Friday 14 March 2014

      Video up. I am really trying to break out of the mould of a typical science vlogger with this one. I try to channel my inner Brian Cox.

      Like, Comment and Subscribe but most importantly relax and enjoy the video. Cheers.


<-Video Transcript->


       Bonjour Tout le monde, c'est moi l'astronome fou SonOfTerra92 and we are here under another starry night in Malaysia for some stargazing.
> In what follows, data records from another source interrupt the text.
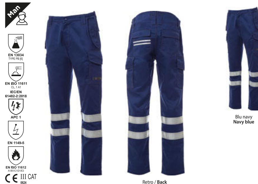
Blu navy Navy blue

Antistatic, antacid, flame-retardant, arc flash-resistant cotton trousers suitable for welders, higher fitted waist at back for better coverage with elasticated sides and belt loops at waist; zip and press-stud front fastening. Contrasting reinforced double seams on inner leg, outer leg and back. Classic-cut front pockets, two multi-function pockets plus a zip pocket and two back pockets, all with flap and velcro fastenings. Retro-reflective 3M stripes on back pocket.
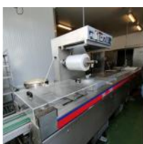
Referencia: AGL-073 TERMOFORMADORA/TERM OSELLADORA Año: 1993 Marca: ALFA LAVAL CONTEL
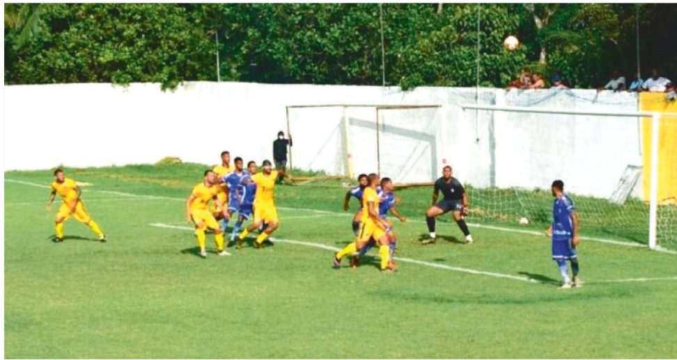
EM 2021, JOGO ENTRE BACABAL E SÃO JOSÉ TEVE INDÍCIOS DE MANIPULAÇÃO
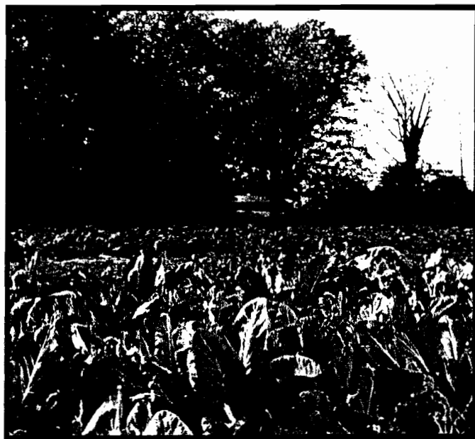
Baserria suntsitu zuten, baina oraindik hor daude Martikotxotegiko baratza ederrak.

We are right now watching the death of a star, an event known as a Supernova in the direction of M82.


      It is the 3rd of February 2014 and we are camped under the constellation Ursa Major translated as the Great Bear but more popularly known as the big dipper. It's the one you learn in elementary school as the giant scoop in the sky.

Yeah, that one.


      We are witnessing a very special and exciting astronomical event in the Galaxy Messier 82. A Type 1a supernova. The closest one to Earth detected in the last 150 years.


      Type 1a supernovas happen in binary star systems, when two stars orbit each other in a gravitational dance and one of the stars happens to be a White Dwarf star, the remnant of a star that has already completed its normal main sequence life cycle. The white dwarf star indulges in a bit of stellar vampirism by accreting mass from its partner and exploding at a critical point.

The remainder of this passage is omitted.